As I sat in my car outside my apartment, hemming and ha-ing for 30 MINUTES trying to decide if I wanted to try and tough it out or just stop, I had to figure out what my real motivations were. Would I continue on just out of fear of failure and everyone else's disappointment? Or would I figure out where I was at and what I wanted?
I finally made my decision. I started the car, drove to the Casey's and got - no, not 3 doughnuts, 1 liter of coke, and a pizza - I got a small diet pop. Sure, still not the best I know, but it could have been worse. I then proceeded to go home, make a cup of hot cocoa with almond milk, sugar free cocoa, and a little truvia, sit on my couch...and let relief flood in. I had made it to day 13. And you know what?
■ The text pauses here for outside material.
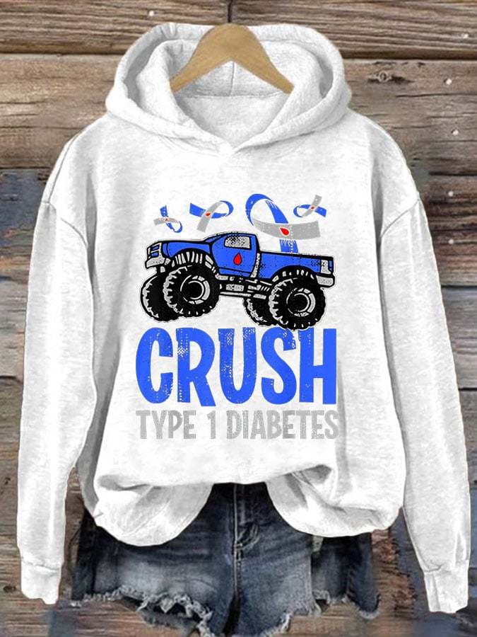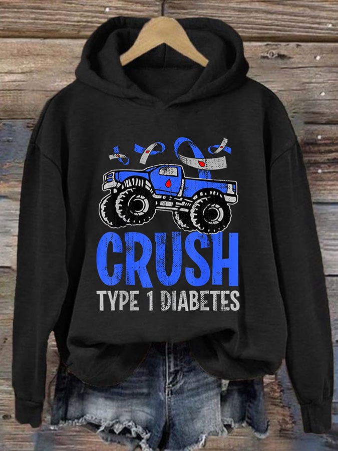 Retro Diabetes Awareness Truck Crush Type 1 Diabetes Blue Ribbon Print Hoodie

On day 13, at 6:32pm, the minute I stopped Whole 30, I didn't go crazy on the forbidden foods. And I still haven't.
And that's why I quit Whole 30, but did not fail. Not to me. Because, by day 13, I had reached my goals and gained the benefits I had hoped to get.
I have not had one pop today (or craved it), I no longer grab a piece of candy every time I pass the candy dish at the front desk, and I have had only ONE stick of gum since stopping! And I'm proud of that! So am I going to come out here resentful and tell you not to try Whole 30? No. In fact, if this whole thing has sounded insanely hard and impossible to you, maybe do like me and start by doing it a week or two. You will gain so many benefits and learn so much from even that amount of time. And who knows! Maybe by the time you get to day 13, you'll feel like you could go longer. My girl friend has done it a few times and is thinking of going for 60 DAYS right now because she feels so good!
Will I ever try it again with the goal of making it the entire 30 days? Maybe. I'm not sure yet. I know there may have been some things I got wrong or had too much of in my diet (like the nuts and dried fruit) that left me feeling icky. I will have to get that part figured out first.
But until then, I look at my Whole 30 experience as a success and will continue to prepare Whole 30 and even Paleo approved meals and share them with you here.
Because after all, isn't the point of all this to find balance and feel great? Yes. That is the bottom line. And the lifestyle I will continue to live...most of the time ;).